Caray had made quite a name for himself in the broadcasting business. O'Neill explained, "For those who could not get to a game, listening was just as good, maybe better." O'Neill noted that throughout the years, "he became beloved as a symbol." Most people either loved him or hated him. He was one of a kind, and his broadcasts showed that style only he had. Not only that, but "he loved people from all walks of life," long time friend Otis Dunlap stated in an interview with McGuire. Dave Luecking with the St. Louis Post-Dispatch stated that "he considered all the fans his best friends." He never held back his disappointment with a player who made a bad move, nor held back praises when a home run was hit. In fact, he coined the phrases "It might be … it could be … it is! A homerun!" and "Holy Cow!" "Harry's passion for the game is so real. People identify with that," shared Bob Costas in an interview with Luecking.

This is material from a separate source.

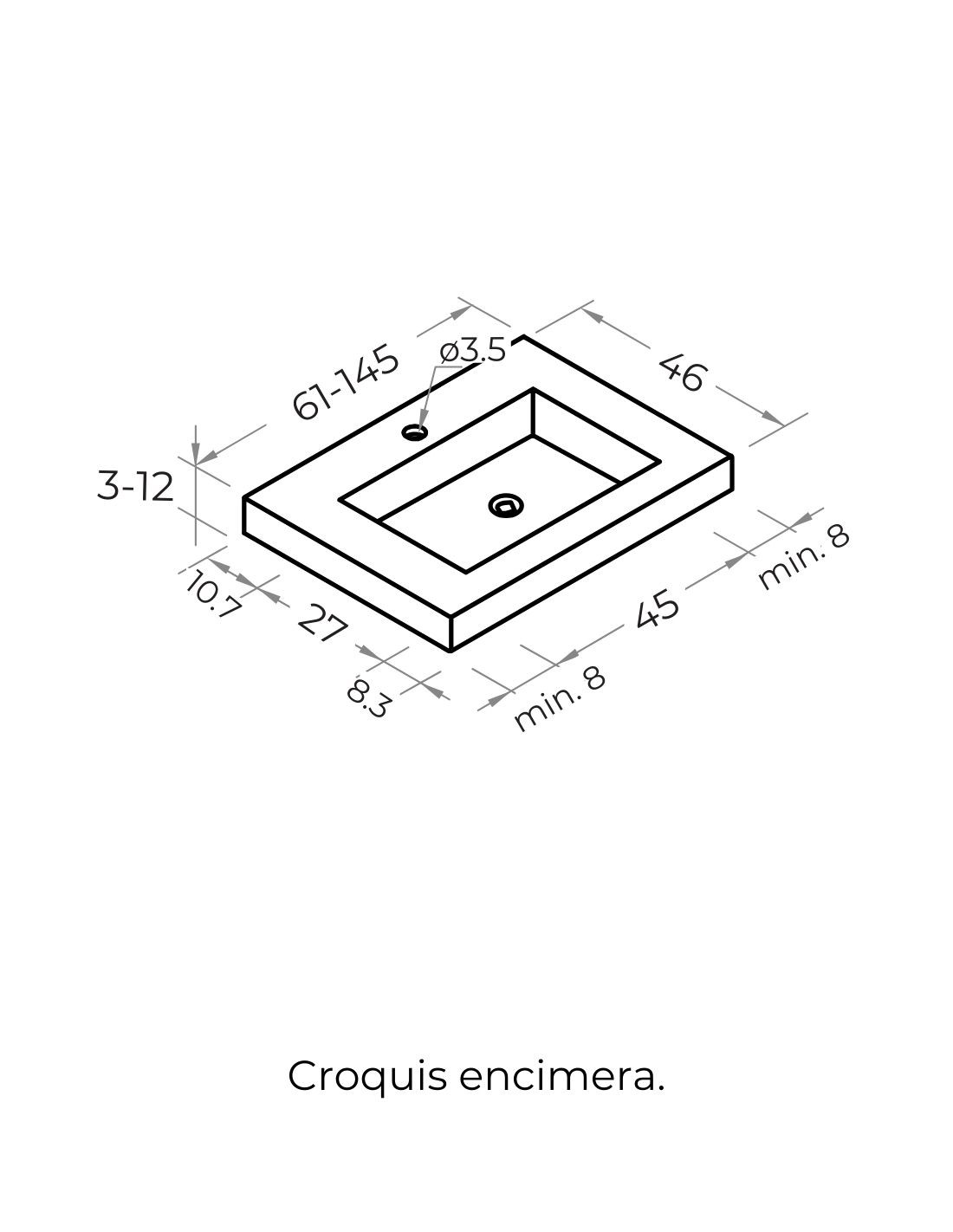 • Dimensiones del lavabo encimera:

Caray left the White Sox in 1982 to go across town to start broadcasting for the Chicago Cubs on WGN-TV. It was there he stayed until his death. In fact, according to Rod Beaton of USA Today, when asked when he was going to retire, Caray was quoted as saying, "I'll keep going until I die on the job someday." Caray endeared himself to the infamous Cubs fans immediately. One of the traditions was for him to sing "Take Me Out to the Ballgame" at the bottom of the 7th inning. That tradition started when he was singing in the broadcast booth one day and owner Bill Veeck got a kick out of his enthusiasm and turned on the PA system for everyone to hear.